Haupert might not catch the eye of a casual soccer spectator because as a stopper, he is the defender positioned closest to the midfield. Haupert is given more freedom in the Spartans’ system however, and alternates up-field runs with defensive midfielder Chris Sproule. He also roams from sideline to sideline, gobbling up loose balls like Pac-Man.

“Whether the ball is in the air or on the ground, Gaston is dominant; he wins them all,” said Bilowitz, who is in his eighth year at La Canada and won a Southern Section title with the Spartans in 1988-89. “He’s the most skilled player on the team. He’s very strong, very fast and he can shoot rockets with either foot.”

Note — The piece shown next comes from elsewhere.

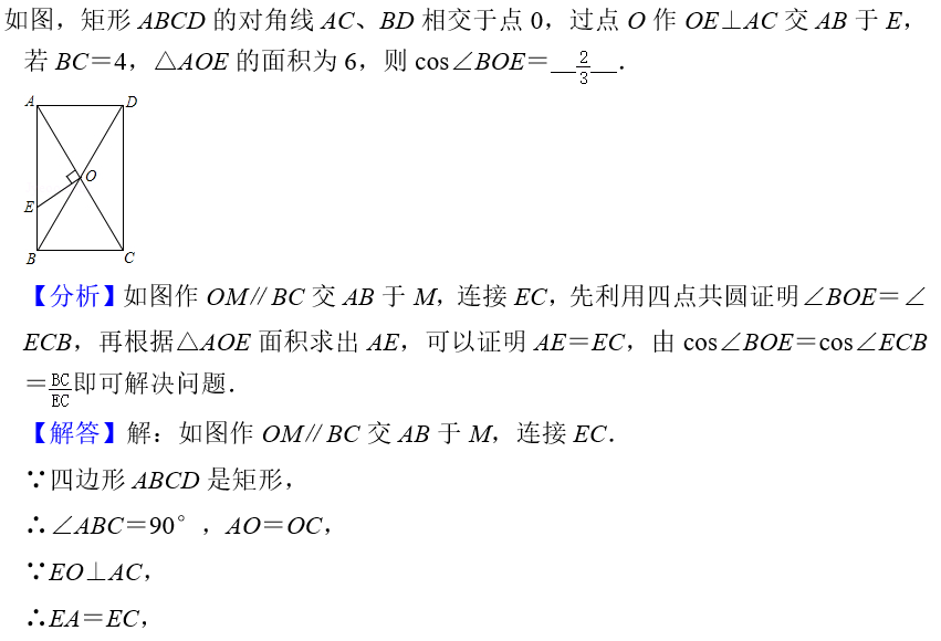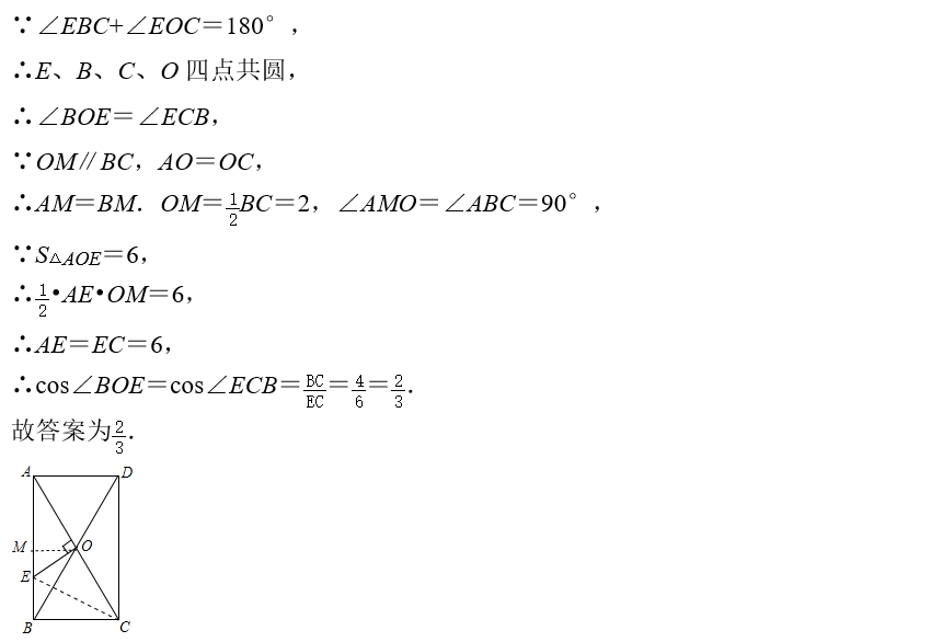 本题考查矩形的性质、四点共圆的判定和性质、三角形面积公式等知识,解题的关键是利用四点共圆证明∠BOE=∠ECB,学会转化的思想,属于中考常考题型.

On a team that is four goals away from the Southern Section season record of 129, Haupert’s offensive contributions tend to be overshadowed. But his rock-solid defense and his refusal to be run off the ball when dribbling spark much of the Spartans’ firepower, including many of striker Josh Henderson’s 39 goals.

Despite his prowess, Haupert is decidedly unselfish and soft-spoken, qualities that endear him to his peers.

“He’s willing to give the ball up for anyone if they have a better shot,” said Derrick Dyslin, La Canada’s right fullback. “Gaston’s probably the most well-rounded guy on our team. He’s so good at soccer that the players give him respect, and he’s smart so all the academia nuts like him, too.”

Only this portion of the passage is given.